01 - In a large mixing bowl, combine the barbecue sauce, olive oil, apple cider vinegar, brown sugar, smoked paprika, garlic powder, onion powder, salt, and black pepper. Whisk until smooth and well blended.
02 - Measure out ¼ cup of the marinade mixture and set aside in a small bowl for basting during grilling.
03 - Add the chicken thighs and drumsticks to the remaining marinade, turning each piece to ensure full and even coating. Cover the bowl tightly and refrigerate for at least 1 hour, or up to overnight for more pronounced flavor.
04 - Set your grill to medium-high heat. Lightly oil the grates using a folded paper towel dipped in vegetable oil to prevent the chicken from sticking.
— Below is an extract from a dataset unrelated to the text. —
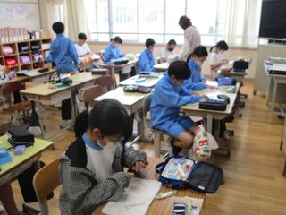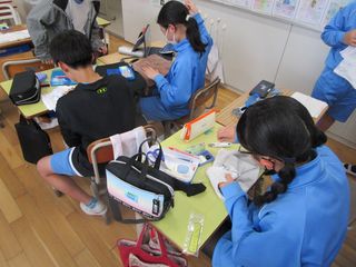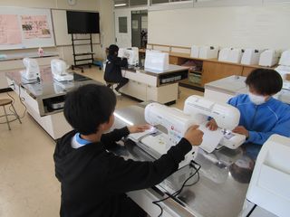 6年生が家庭科で雑巾づくりに取り組んでいました。
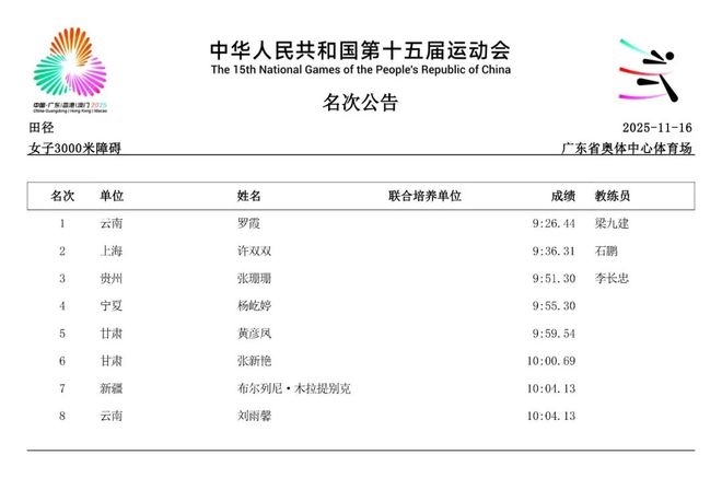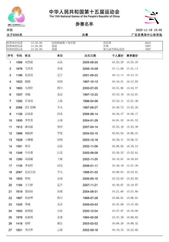 2025年11月21日,第十五届全运会将于深圳落下帷幕。在过去的数日赛程中,女子径赛项目汇集了全国顶尖短跑、中长跑、马拉松和竞走运动员,带来了多场有关速度的巅峰对决。14个纯女子径赛项目的精彩角逐,不仅见证了老将们的坚守,更迎来了超级新星的强势崛起。 本届全运会赛场最大的亮点,莫过于浙江队16岁小将陈妤颉的横空出世。11月17日,她在女子100米决赛中以11秒10的惊人成绩一举夺金,并刷新了该项目的亚洲青年记录。仅仅两天后的19日,陈妤颉在女子200米决赛中再度展现绝对实力,以23秒02的成绩夺冠,创造了该项目近六届全运会最快夺冠成绩,加冕为本届全运会的“双冠王”。 除了短跑赛场的耀眼,中长跑和马拉松项目同样精彩纷呈。11月15日,作为本届赛事首个全运会跨境项目,女子马拉松率先上演激烈角逐。云南名将张德顺展现出强大的统治力,以2小时30分20秒的成绩成功卫冕,成为全运会马拉松女子第一人。而在11月18日的女子5000米决赛中,河南队的梁田田以15分09秒85的个人最好成绩在雨中强势摘金,20日晚又在10000米决赛中以32分23秒40再次夺冠。 随着赛程推进,全运会女子径赛的所有项目已全部结束。我们为大家整理了14项女子径赛的决赛成绩。

05 - Remove the chicken from the marinade, allowing any excess to drip off. Place the pieces skin-side down on the hot grill. Cook for 6 to 8 minutes per side, turning occasionally and brushing with the reserved basting sauce, until the skin is deeply charred and an instant-read thermometer inserted into the thickest part registers 165°F (74°C).
06 - Transfer the chicken to a platter and let it rest for 5 minutes to allow the juices to redistribute. Garnish with chopped fresh parsley if desired and serve immediately.